You May be a Disaster Shaman

“If you are unprogrammed in the cultural causa-sui project, then you have to invent your own: you don’t vibrate to anyone else’s tune. You see that the fabrications of those around you are a lie, a denial of truth. A creative person becomes then, in art, literature, and religion the mediator of natural terror and the indicator of a new way to triumph over it. He reveals the darkness and the dread of the human condition and fabricates a new symbolic transcendence over it. This has been the function of the creative deviant from shamans through Shakespeare.” –Ernest Becker
Disaster shamanism
We’ve all experienced that feeling of emptiness at our core: that something important is missing. Even in our synthetic, dog-eat-dog society, we can feel our souls aching, pushing up like flowers through the asphalt of our lives. We catch fleeting glimpses of it in poetry, in the embrace of a lover, in the howl of a distant coyote, or during a magnanimous sunset. Most of us muffle that cry, pressing the thousand-and-one inane snooze-buttons of our lives. But some of us are beginning to hear the call again.

For us, all is not lost. We are beginning to listen again. We are finding that there is still time to reunite ourselves with mystery. And nobody is reuniting things with the Great Mystery more so than modern day shamans, specifically, post-modern shamans with the ability to transform disaster into regeneration. Here then are six ways you may be a Disaster Shaman.

1.) You heal disaster situations through shamanic cosmology and ecopsychology
“The greatest pleasure in life is doing what people say you cannot do.” –Walter Bagehot
Disaster shamanism
In the disaster situation that is our modern culture, you are a force to be reckoned with. The world is your tribe. You demand respect. “Chiefs,” “Head hunters,” even “fools” have no choice but to respect you. For you bridge the gap between victim and world, between lost citizen and the natural world, between the innocent and the numinous. Your reach is beyond the typical person’s reach precisely because you are a force of nature first and a person second.

Your way of healing is by immersing yourself in disaster situations and doing your best to heal (directly or indirectly) as a beacon of hope for the victims involved. You are a shoulder to lean on, a sounding board to bounce ideas off of.

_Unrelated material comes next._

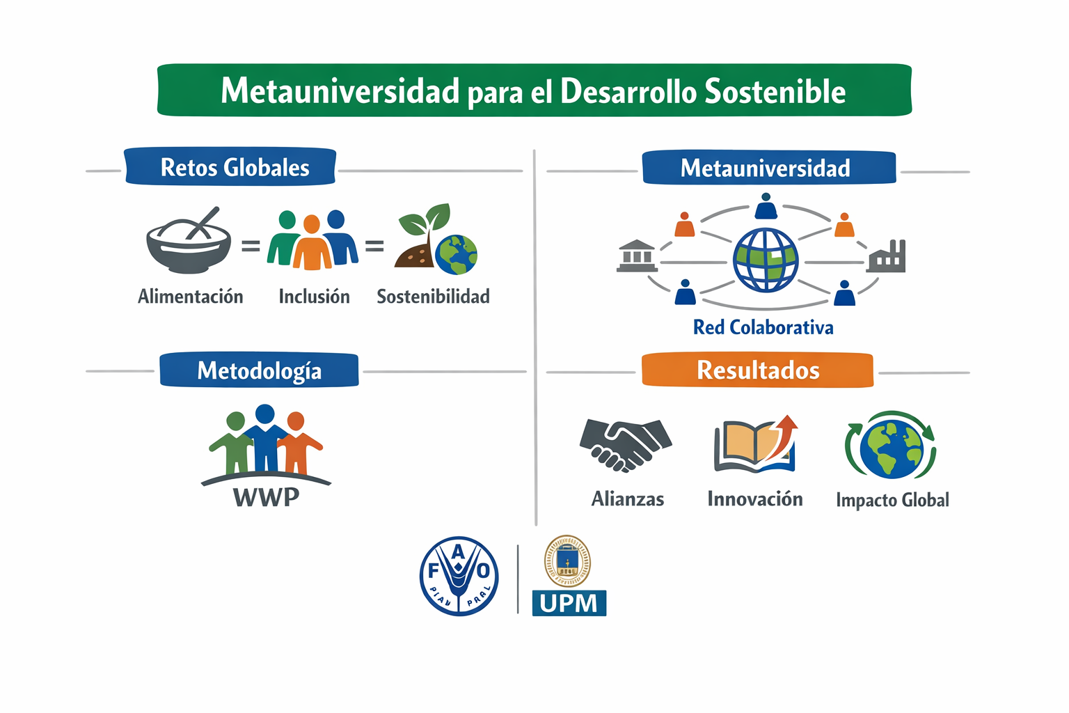 A partir de estos fundamentos, la FAO y el grupo de investigación GESPLAN (UPM) impulsaron desde 2016 una red internacional de universidades y empresas en América Latina, el Caribe y España. Nueve años después, esta red se consolidó como una plataforma colaborativa que reúne a 46 universidades y 52 empresas de 12 países, comprometidas con la sostenibilidad agroalimentaria.

You empower the disempowered and lift the downtrodden through shamanic reengineering. Your philanthropy is not money, necessarily, but sacred energy. You realize as Henry David Thoreau did: “To affect the quality of the day, that is the highest of arts.” But you do not preach. You teach by eco-conscious example, using ecopsychology as a direct method to reintroduce the afflicted to the healing properties of the greater cosmos, using a post-modern shamanic cosmology as a medium for safe passage into higher realms of thinking about the human soul.